■ Your task:
Please copy all of the records exactly, leaving nothing out.

==================================================

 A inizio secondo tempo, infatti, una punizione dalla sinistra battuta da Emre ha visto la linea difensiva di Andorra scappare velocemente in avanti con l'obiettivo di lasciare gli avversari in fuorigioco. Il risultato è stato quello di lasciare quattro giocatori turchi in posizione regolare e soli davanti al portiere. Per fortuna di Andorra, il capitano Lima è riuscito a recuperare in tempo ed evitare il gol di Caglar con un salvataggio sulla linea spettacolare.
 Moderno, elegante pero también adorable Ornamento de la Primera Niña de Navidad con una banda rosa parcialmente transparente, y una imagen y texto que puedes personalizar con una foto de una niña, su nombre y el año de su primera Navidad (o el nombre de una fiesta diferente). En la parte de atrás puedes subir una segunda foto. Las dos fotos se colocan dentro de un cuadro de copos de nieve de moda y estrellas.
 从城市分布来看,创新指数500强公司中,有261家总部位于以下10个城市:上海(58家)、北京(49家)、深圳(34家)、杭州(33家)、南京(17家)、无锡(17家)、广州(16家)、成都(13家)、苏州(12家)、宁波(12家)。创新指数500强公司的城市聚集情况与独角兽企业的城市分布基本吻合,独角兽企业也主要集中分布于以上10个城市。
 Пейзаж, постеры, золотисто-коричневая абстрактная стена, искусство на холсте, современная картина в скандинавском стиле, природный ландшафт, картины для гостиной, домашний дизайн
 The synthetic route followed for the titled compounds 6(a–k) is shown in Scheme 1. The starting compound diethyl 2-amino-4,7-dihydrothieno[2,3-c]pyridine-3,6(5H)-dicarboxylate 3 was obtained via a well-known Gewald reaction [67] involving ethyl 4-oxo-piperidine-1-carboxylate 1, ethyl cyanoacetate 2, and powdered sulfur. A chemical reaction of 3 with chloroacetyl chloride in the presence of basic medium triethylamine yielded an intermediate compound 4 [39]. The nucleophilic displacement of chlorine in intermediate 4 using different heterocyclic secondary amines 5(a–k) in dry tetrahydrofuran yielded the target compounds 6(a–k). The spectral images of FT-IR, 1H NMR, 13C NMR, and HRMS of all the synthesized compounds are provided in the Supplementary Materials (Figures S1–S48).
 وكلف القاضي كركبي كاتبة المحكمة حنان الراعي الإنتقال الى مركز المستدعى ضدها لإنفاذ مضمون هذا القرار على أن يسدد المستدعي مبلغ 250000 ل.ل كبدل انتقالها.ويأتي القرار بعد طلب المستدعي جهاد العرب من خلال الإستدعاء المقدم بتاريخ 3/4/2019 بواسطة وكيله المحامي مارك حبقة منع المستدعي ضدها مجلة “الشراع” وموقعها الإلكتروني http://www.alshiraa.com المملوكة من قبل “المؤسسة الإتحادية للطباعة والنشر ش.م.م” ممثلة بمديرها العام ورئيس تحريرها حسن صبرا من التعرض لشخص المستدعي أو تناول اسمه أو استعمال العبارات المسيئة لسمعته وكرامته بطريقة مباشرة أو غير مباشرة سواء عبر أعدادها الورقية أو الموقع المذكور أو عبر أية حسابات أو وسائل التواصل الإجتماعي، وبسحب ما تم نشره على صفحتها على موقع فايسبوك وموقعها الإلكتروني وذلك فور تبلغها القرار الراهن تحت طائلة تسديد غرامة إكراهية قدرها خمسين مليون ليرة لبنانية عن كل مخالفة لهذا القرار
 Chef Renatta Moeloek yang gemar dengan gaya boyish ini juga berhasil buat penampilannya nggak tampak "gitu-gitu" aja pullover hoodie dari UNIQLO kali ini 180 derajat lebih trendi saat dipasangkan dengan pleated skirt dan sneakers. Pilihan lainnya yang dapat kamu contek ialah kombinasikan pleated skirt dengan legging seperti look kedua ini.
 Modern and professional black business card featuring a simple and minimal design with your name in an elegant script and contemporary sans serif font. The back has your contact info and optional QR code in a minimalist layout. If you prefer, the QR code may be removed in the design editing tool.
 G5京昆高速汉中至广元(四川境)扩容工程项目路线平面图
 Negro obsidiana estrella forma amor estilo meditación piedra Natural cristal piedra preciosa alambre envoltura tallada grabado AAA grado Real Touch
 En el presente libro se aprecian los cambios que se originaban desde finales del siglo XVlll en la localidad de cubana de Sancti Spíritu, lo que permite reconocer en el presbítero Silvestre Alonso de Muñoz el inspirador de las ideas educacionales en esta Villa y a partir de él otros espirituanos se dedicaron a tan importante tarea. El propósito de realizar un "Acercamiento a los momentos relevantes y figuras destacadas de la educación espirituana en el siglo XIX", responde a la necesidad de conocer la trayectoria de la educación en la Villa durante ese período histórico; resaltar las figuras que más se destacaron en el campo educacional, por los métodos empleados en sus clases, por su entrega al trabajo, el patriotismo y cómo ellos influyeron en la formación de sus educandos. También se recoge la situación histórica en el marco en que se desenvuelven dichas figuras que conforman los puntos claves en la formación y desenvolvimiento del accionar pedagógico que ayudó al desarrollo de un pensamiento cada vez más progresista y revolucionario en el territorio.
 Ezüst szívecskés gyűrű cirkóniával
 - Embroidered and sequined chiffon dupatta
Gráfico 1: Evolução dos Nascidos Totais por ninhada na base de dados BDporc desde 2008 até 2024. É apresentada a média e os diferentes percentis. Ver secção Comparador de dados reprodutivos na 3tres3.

==================================================

■ Solution:
 A inizio secondo tempo, infatti, una punizione dalla sinistra battuta da Emre ha visto la linea difensiva di Andorra scappare velocemente in avanti con l'obiettivo di lasciare gli avversari in fuorigioco. Il risultato è stato quello di lasciare quattro giocatori turchi in posizione regolare e soli davanti al portiere. Per fortuna di Andorra, il capitano Lima è riuscito a recuperare in tempo ed evitare il gol di Caglar con un salvataggio sulla linea spettacolare.
 Moderno, elegante pero también adorable Ornamento de la Primera Niña de Navidad con una banda rosa parcialmente transparente, y una imagen y texto que puedes personalizar con una foto de una niña, su nombre y el año de su primera Navidad (o el nombre de una fiesta diferente). En la parte de atrás puedes subir una segunda foto. Las dos fotos se colocan dentro de un cuadro de copos de nieve de moda y estrellas.
 从城市分布来看,创新指数500强公司中,有261家总部位于以下10个城市:上海(58家)、北京(49家)、深圳(34家)、杭州(33家)、南京(17家)、无锡(17家)、广州(16家)、成都(13家)、苏州(12家)、宁波(12家)。创新指数500强公司的城市聚集情况与独角兽企业的城市分布基本吻合,独角兽企业也主要集中分布于以上10个城市。
 Пейзаж, постеры, золотисто-коричневая абстрактная стена, искусство на холсте, современная картина в скандинавском стиле, природный ландшафт, картины для гостиной, домашний дизайн
 The synthetic route followed for the titled compounds 6(a–k) is shown in Scheme 1. The starting compound diethyl 2-amino-4,7-dihydrothieno[2,3-c]pyridine-3,6(5H)-dicarboxylate 3 was obtained via a well-known Gewald reaction [67] involving ethyl 4-oxo-piperidine-1-carboxylate 1, ethyl cyanoacetate 2, and powdered sulfur. A chemical reaction of 3 with chloroacetyl chloride in the presence of basic medium triethylamine yielded an intermediate compound 4 [39]. The nucleophilic displacement of chlorine in intermediate 4 using different heterocyclic secondary amines 5(a–k) in dry tetrahydrofuran yielded the target compounds 6(a–k). The spectral images of FT-IR, 1H NMR, 13C NMR, and HRMS of all the synthesized compounds are provided in the Supplementary Materials (Figures S1–S48).
 وكلف القاضي كركبي كاتبة المحكمة حنان الراعي الإنتقال الى مركز المستدعى ضدها لإنفاذ مضمون هذا القرار على أن يسدد المستدعي مبلغ 250000 ل.ل كبدل انتقالها.ويأتي القرار بعد طلب المستدعي جهاد العرب من خلال الإستدعاء المقدم بتاريخ 3/4/2019 بواسطة وكيله المحامي مارك حبقة منع المستدعي ضدها مجلة “الشراع” وموقعها الإلكتروني http://www.alshiraa.com المملوكة من قبل “المؤسسة الإتحادية للطباعة والنشر ش.م.م” ممثلة بمديرها العام ورئيس تحريرها حسن صبرا من التعرض لشخص المستدعي أو تناول اسمه أو استعمال العبارات المسيئة لسمعته وكرامته بطريقة مباشرة أو غير مباشرة سواء عبر أعدادها الورقية أو الموقع المذكور أو عبر أية حسابات أو وسائل التواصل الإجتماعي، وبسحب ما تم نشره على صفحتها على موقع فايسبوك وموقعها الإلكتروني وذلك فور تبلغها القرار الراهن تحت طائلة تسديد غرامة إكراهية قدرها خمسين مليون ليرة لبنانية عن كل مخالفة لهذا القرار
 Chef Renatta Moeloek yang gemar dengan gaya boyish ini juga berhasil buat penampilannya nggak tampak "gitu-gitu" aja pullover hoodie dari UNIQLO kali ini 180 derajat lebih trendi saat dipasangkan dengan pleated skirt dan sneakers. Pilihan lainnya yang dapat kamu contek ialah kombinasikan pleated skirt dengan legging seperti look kedua ini.
 Modern and professional black business card featuring a simple and minimal design with your name in an elegant script and contemporary sans serif font. The back has your contact info and optional QR code in a minimalist layout. If you prefer, the QR code may be removed in the design editing tool.
 G5京昆高速汉中至广元(四川境)扩容工程项目路线平面图
 Negro obsidiana estrella forma amor estilo meditación piedra Natural cristal piedra preciosa alambre envoltura tallada grabado AAA grado Real Touch
 En el presente libro se aprecian los cambios que se originaban desde finales del siglo XVlll en la localidad de cubana de Sancti Spíritu, lo que permite reconocer en el presbítero Silvestre Alonso de Muñoz el inspirador de las ideas educacionales en esta Villa y a partir de él otros espirituanos se dedicaron a tan importante tarea. El propósito de realizar un "Acercamiento a los momentos relevantes y figuras destacadas de la educación espirituana en el siglo XIX", responde a la necesidad de conocer la trayectoria de la educación en la Villa durante ese período histórico; resaltar las figuras que más se destacaron en el campo educacional, por los métodos empleados en sus clases, por su entrega al trabajo, el patriotismo y cómo ellos influyeron en la formación de sus educandos. También se recoge la situación histórica en el marco en que se desenvuelven dichas figuras que conforman los puntos claves en la formación y desenvolvimiento del accionar pedagógico que ayudó al desarrollo de un pensamiento cada vez más progresista y revolucionario en el territorio.
 Ezüst szívecskés gyűrű cirkóniával
 - Embroidered and sequined chiffon dupatta
Gráfico 1: Evolução dos Nascidos Totais por ninhada na base de dados BDporc desde 2008 até 2024. É apresentada a média e os diferentes percentis. Ver secção Comparador de dados reprodutivos na 3tres3.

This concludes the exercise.